[Data extracted from a collection]

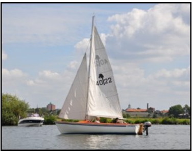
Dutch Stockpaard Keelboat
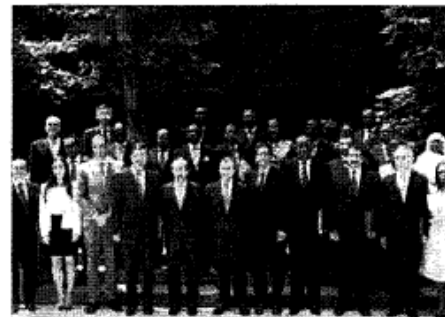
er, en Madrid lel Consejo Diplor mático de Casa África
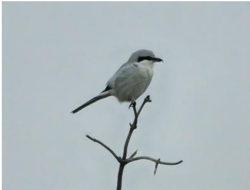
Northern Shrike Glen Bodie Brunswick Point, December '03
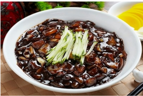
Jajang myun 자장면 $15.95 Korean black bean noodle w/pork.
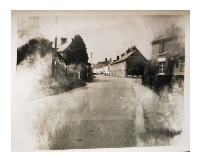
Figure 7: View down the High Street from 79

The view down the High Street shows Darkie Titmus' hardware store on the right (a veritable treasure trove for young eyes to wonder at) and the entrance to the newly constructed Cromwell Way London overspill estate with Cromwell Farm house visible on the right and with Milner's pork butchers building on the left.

▸ **Exercise requirements**
Give back the records above exactly. Pictures stay out.

▸ **Solved problem**
Dutch Stockpaard Keelboat
er, en Madrid lel Consejo Diplor mático de Casa África
Northern Shrike Glen Bodie Brunswick Point, December '03
Jajang myun 자장면 $15.95 Korean black bean noodle w/pork.
Figure 7: View down the High Street from 79

The view down the High Street shows Darkie Titmus' hardware store on the right (a veritable treasure trove for young eyes to wonder at) and the entrance to the newly constructed Cromwell Way London overspill estate with Cromwell Farm house visible on the right and with Milner's pork butchers building on the left.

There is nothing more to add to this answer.